Cheetahs are really and truly stunning, sleek, slender, superb, sexy cats (I should send that line to the cheetah researchers)! I once had a film crew on safari filming the “Wild Things” series for Paramount. It was one of these modern CNN style documentaries of sound bite sized news clips of wildlife in action. It was actually very popular at the time. The guys wanted action – a kill.
Well I can guide safaris for a whole year and if I am lucky I might see one or two kills, so you can imagine how difficult a request like that is! Most wildlife photographers spend months in one area trying to get the right scene. However, the good thing about most film crews is they will do whatever is necessary to get their shot, including waiting in one spot for hours on end.

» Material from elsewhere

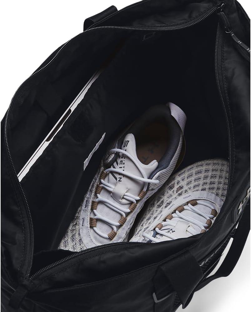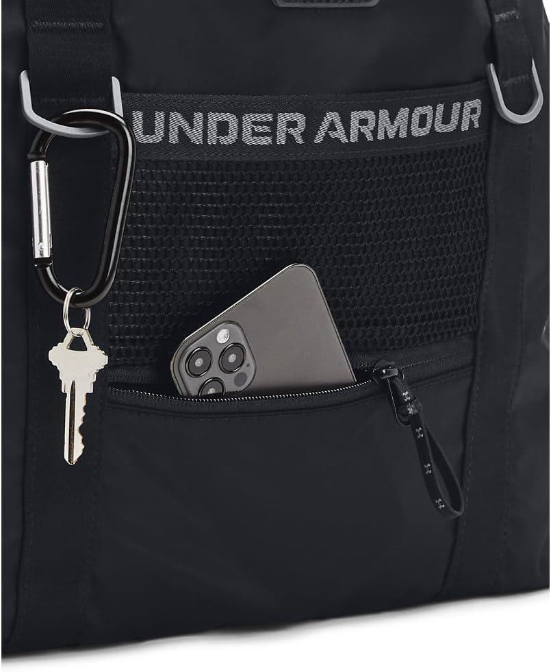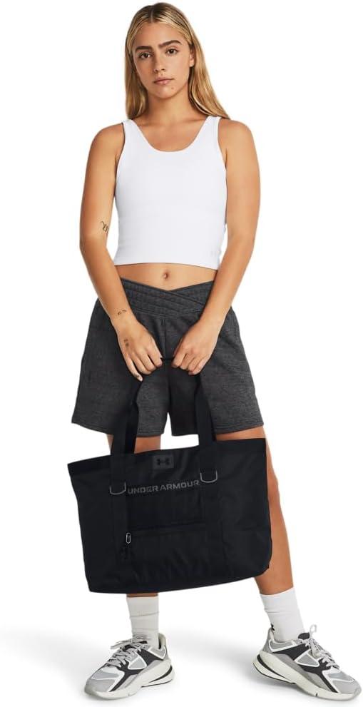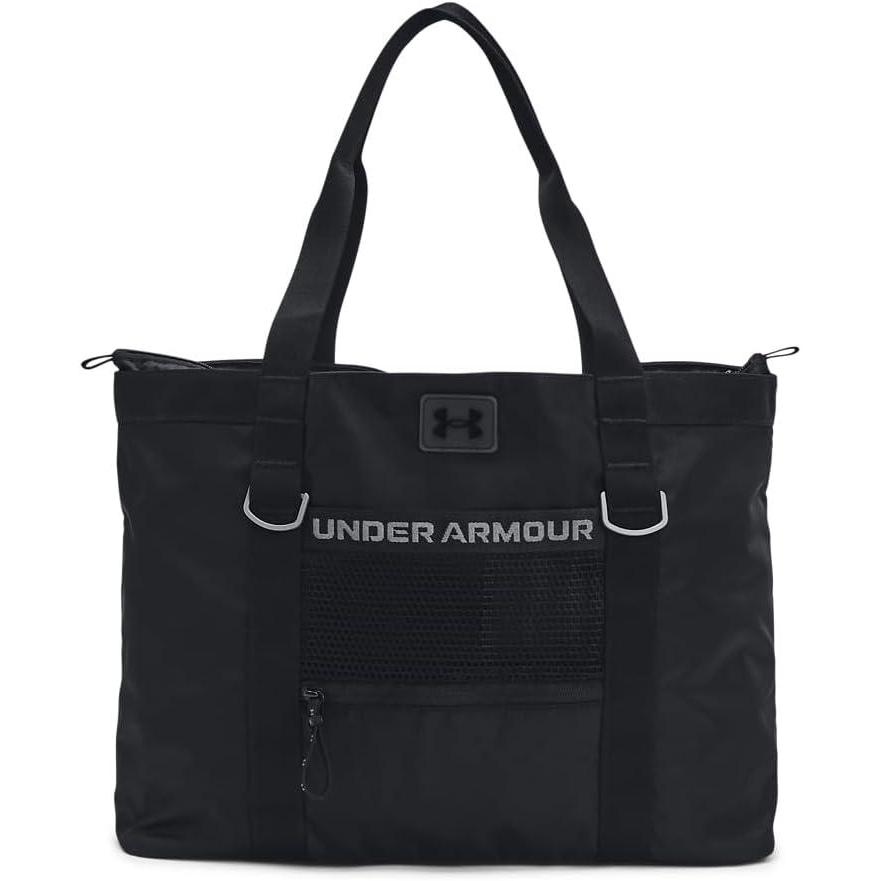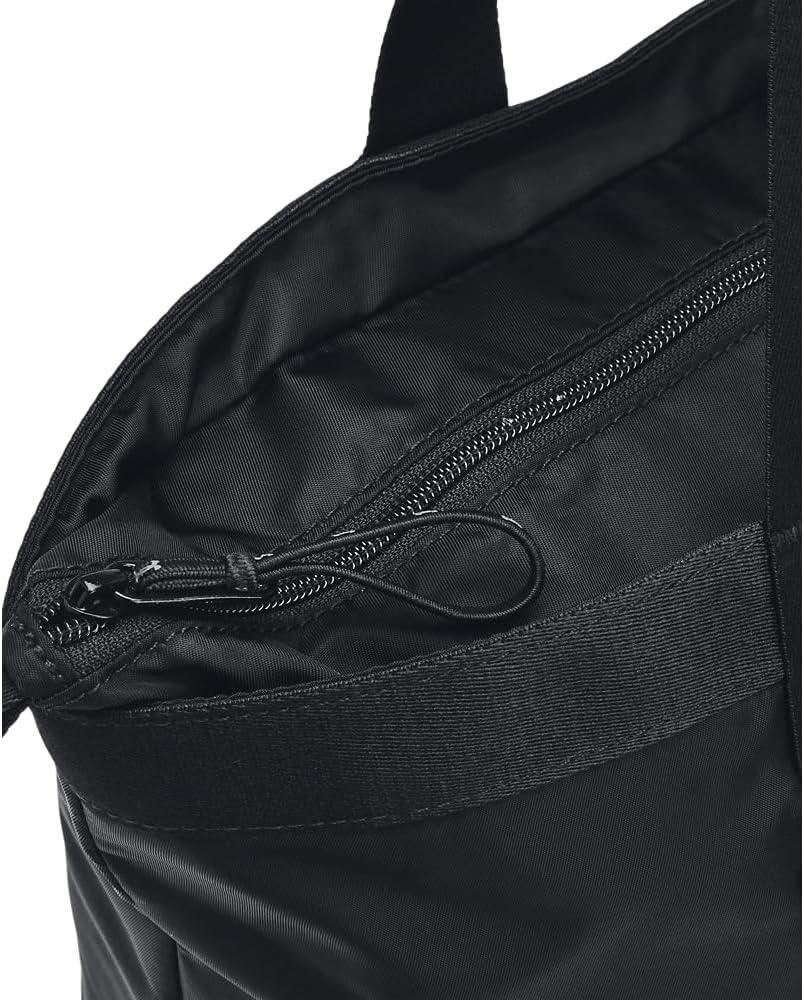 More than a tote. Carries your laptop, tons of room, and has zipper pulls that double as hair ties. Large zip-shut main compartment with interior water bottle pocket & zip mesh laundry pocket. Soft-lined laptop or tablet sleeve—holds up to 16″ MacBook Pro® or similarly sized laptop. Front drop-in mesh pocket, water bottle pocket & zip valuables pocket with a hair tie zipper pull. D-ring attachment points so you can clip any bag with a carabiner for easy transport. Durable, abrasion-resistant bottom panel. Dimensions When Full: 7″W x 12.5″H x 16.1″L. Volume: 21.75 L. 100% Nylon

If you want to film a kill, you need to find a predator. While there are a lot of small predators (servals, jackals, ratels, mongooses etc) most people want to see the big guys in action as they kill big prey (lions, leopards, cheetahs, hyenas and wild dogs). Of these, three are mainly nocturnal (lions, leopards, hyenas), or at least sleep most of the time once it is hot (from about 9am-5pm), one is sadly extremely rare in the Serengeti now (wild dogs), so the only large predator that is apt to be active during most of the day is….. the cheetah. It helps if you either find a hungry, skinny and active one, or a female with young as they are always hungry! It also is a good idea if you can find one within sight of some prey, otherwise you might have to wait a while.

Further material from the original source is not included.